Upadł polski serwis z grami?

Czyżby dziecko CD Projektu, serwis Good Old Games, który od dwóch lat pozwalał graczom na zakup starych hitów bez zabezpieczeń, właśnie zamknął swoje podwoje? Czy znów za pecetowymi klasykami będziemy mogli tylko tęsknić? Byłaby to niepowetowana strata.

GOG.com był prawdziwie innowacyjnym serwisem, prowadzonym przez ludzi z pasją - wręcz jednym z internetowych zjawisk, z których mogliśmy być dumni.

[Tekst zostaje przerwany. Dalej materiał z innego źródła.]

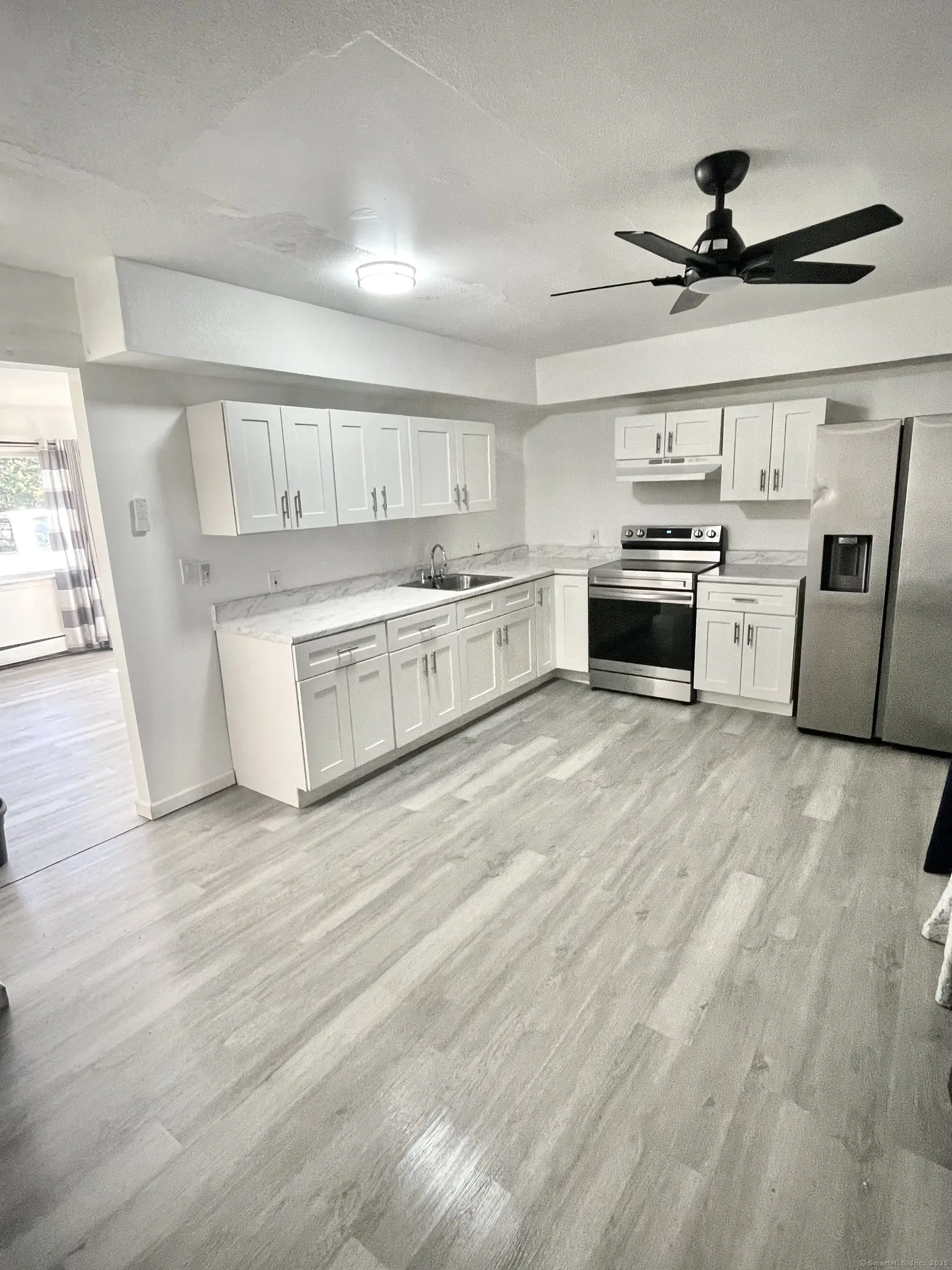 Newly Updated 3-Bedroom Apartment with Modern Finishes! Welcome home to this spacious and bright 3-bedroom, 1-bath apartment featuring a beautifully renovated kitchen with stainless steel appliances, sleek white cabinetry, and marble-look countertops. Enjoy in-unit laundry, two assigned parking spots, and stylish updates throughout, including fresh paint and luxury vinyl flooring. Conveniently located near shops, restaurants, and major routes-this move-in-ready unit offers both comfort and convenience for only $1,800/month.
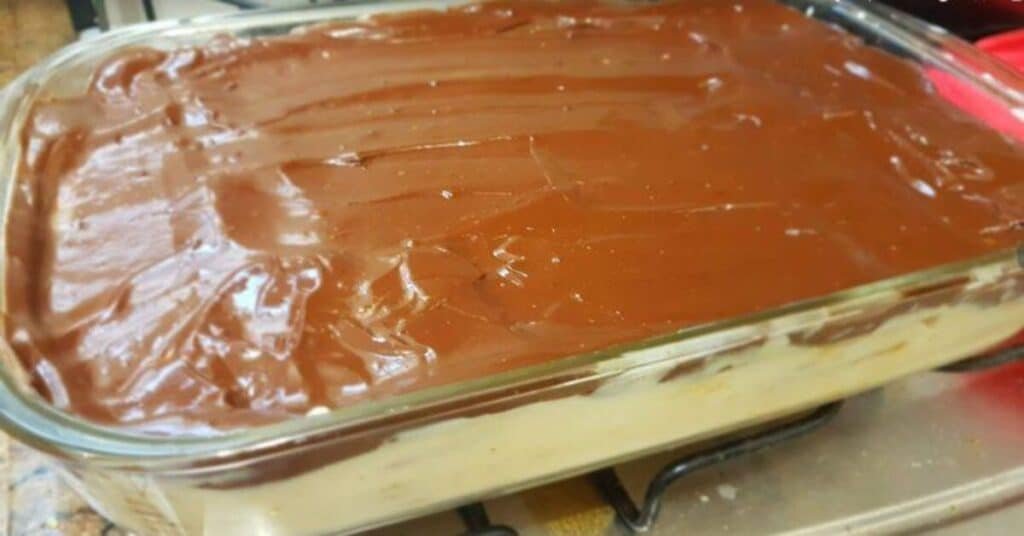 - Na hora de servir este pavê simples e rápido com biscoito de champagne não deixe de peneirar chocolate ou cacau em pó abundantemente sobre ele, de forma a conseguir uma camada uniforme.
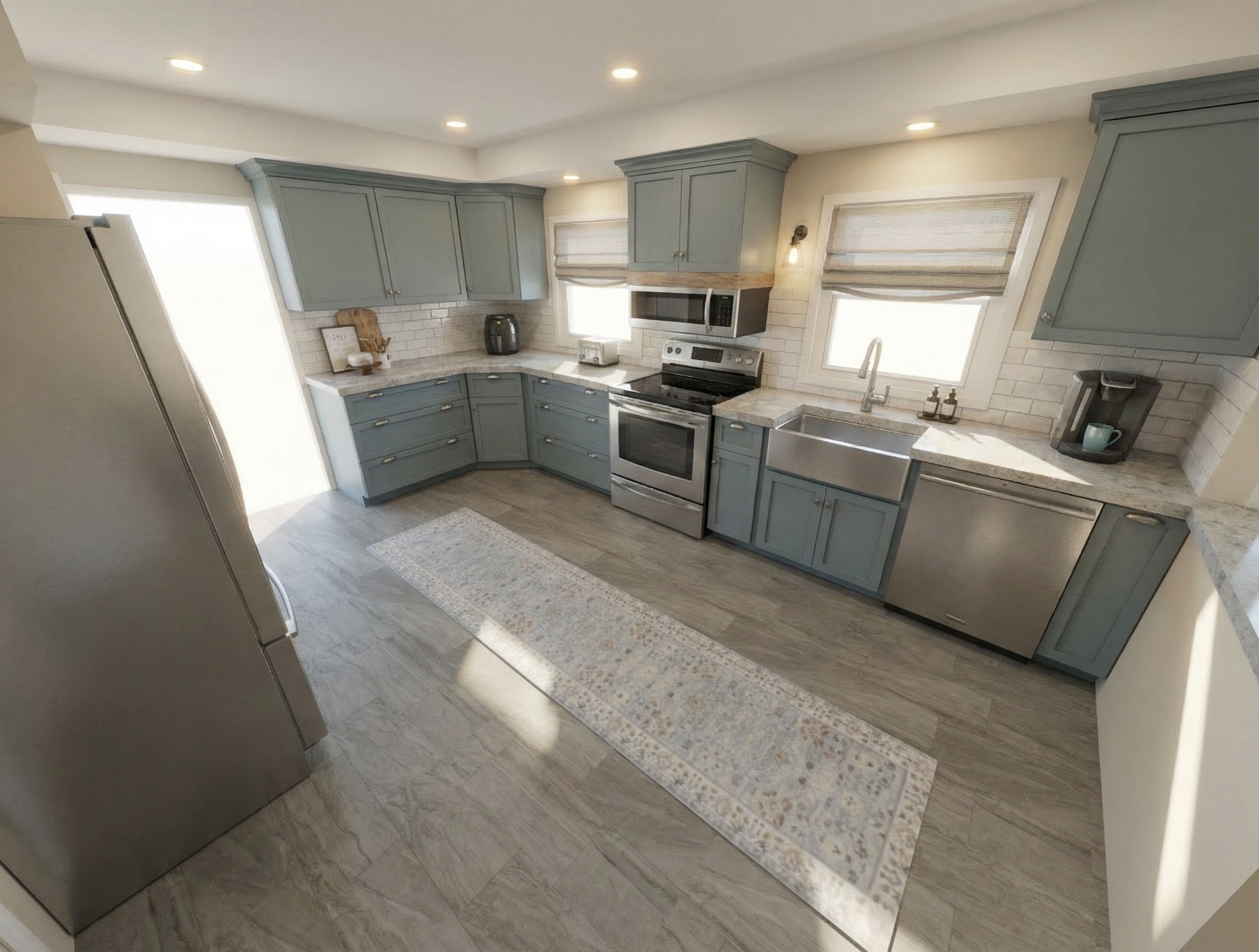 photorealistic architectural rendering of the front elevation of a mid century modern home view angle unchanged from the original model maintain exact material distribution as designed the house features muted natural wood siding and warm earthy brick as already defined in the model strong horizontal rooflines generous glazing and clean geometric forms the home sits on open land surrounded by mature oak trees the front grounds are lush and beautifully landscaped thick healthy green grass layered plantings ornamental grasses low shrubs and subtle native greenery that feels natural yet curated do not add shrubs beyond what is there add 2 cars under the deck south east facing fa ade with warm natural sunlight creating soft shadows and depth under roof overhangs the light feels uplifting and optimistic late afternoon sun golden but not dramatic soft architectural lighting integrated subtly under overhangs and near the entry adding warmth and welcome without overpowering the natural daylight interior lighting warm and inviting visible through glass atmosphere inspiring and welcoming timeless mid century elegance natural color grading soft shadows realistic textures architectural photography style high resolution serene yet vibrant landscape integration

Jest też szansa, że "zamknięcie serwisu" jest także swoistą akcją reklamową, której celem jest wywołanie wokół strony zamieszania. Szansa na to jest duża, gdyż głos w sprawie zabrał jeden z założycieli CD Projektu, którego wypowiedź rzuca cień wątpliwości na rzetelność komunikatu na stronie GOG.com.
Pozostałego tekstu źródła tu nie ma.